Add Raw And Cooked Vegetables To Your Meals

Here’s another hack on your guide to healthy eating. This is something I’ve been doing lately which I never used to do before is adding spinach to my cooked meals. And I do it in super huge quantities. Because within just a few minutes the big pile of greens cooks down to a super small amount. And it hides perfectly well in dishes like curries stir fries its soups and more. As with other veggies there are pros and cons to both the raw and cooked form.

With spinach for example the raw form offers higher amounts of certain nutrients. Whereas the cooked form offers higher amounts of other nutrients. So enjoy both the cooked and raw versions. But don’t shy away from cooked. It’s just such an easy way to get a whole bunch of greens onto your plate. And into your body with loads of nutrients to accompany it.

Ideas For Three Quick Snacks

We’ve all been there feeling like you’re hungry for no reason. But you just want something to snack on or maybe you’re legitimately hungry. But you don’t have the energy or patience to figure out what you want to make. So there’s one tip I can give is to have 3 snack ideas in your arsenal. That take 2 minutes or less to put together. That way they serve as alternatives to something that might have been a little less wholesome. So for example three quick snacks can be:

  • Medjool dates filled with nut butter an apple that you can dip into plant yogurt
  • Sometimes you can put the cinnamon or maple syrup and some hummus on crackers
  • Rice cakes topped with cucumbers tomatoes and arugula

Having an arsenal of crazy easy wholesome snacks it’s not only going to limit decision fatigue around snack choices. It’s also going to give you a nutrient-dense energy boost.

Plan Your Weekly Meals

There is no doubt about it planning our meals helps us make more wholesome food choices. And it helps to decrease the food waste. And it’s 100% natural to not be able to stick to it 100% of the time. But if we plan your meals like a week in advance chances are more that you’ll stick to it. Record the meals you would like to enjoy in a week. Make sure you have all the necessary ingredients on hand to stick to the meal plan. Post it on the fridge and invite your partner or family members to contribute to it as well and this will serve you as your weekly guide to healthy eating.

Add Your Own Wholesome Contributions To Holiday Treats

In holidays we all indulge a little bit more often than we usually do and I think that’s absolutely wonderful.
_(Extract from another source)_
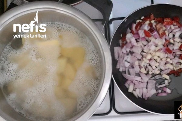 - ????Patatesle soyup haşlamaya bırakıyoruz.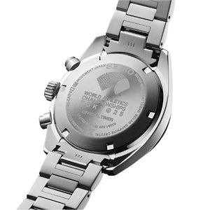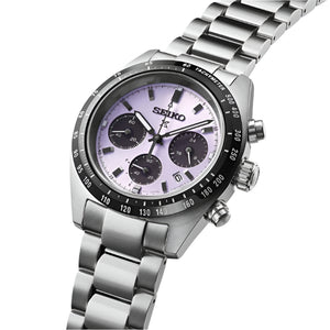 Seiko Prospex Speedtimer solar limited edition mens watch SSC955P1. Stainless steel case and bracelet with purple dial. Solar movement. Three-fold clasp with push button release. Curved Sapphire Crystal with Anti-reflective coating inner surface.

But if you’re feeling like you’ve just had enough of the treat foods one event after the next I recommend whipping together your own wholesome contribution that others can also enjoy. Whether it’s a huge batch of filling and comforting soup or a platter with dips crackers fruits or veggies or hummus pinwheels and it’s always a crowd-pleaser everyone always appreciates contributions. And I think you might appreciate having something that you can fill up on that helps you feel a bit more balanced

So, that’s it, I hope that you learned something new today through this guide to healthy eating. And I hope you enjoyed it.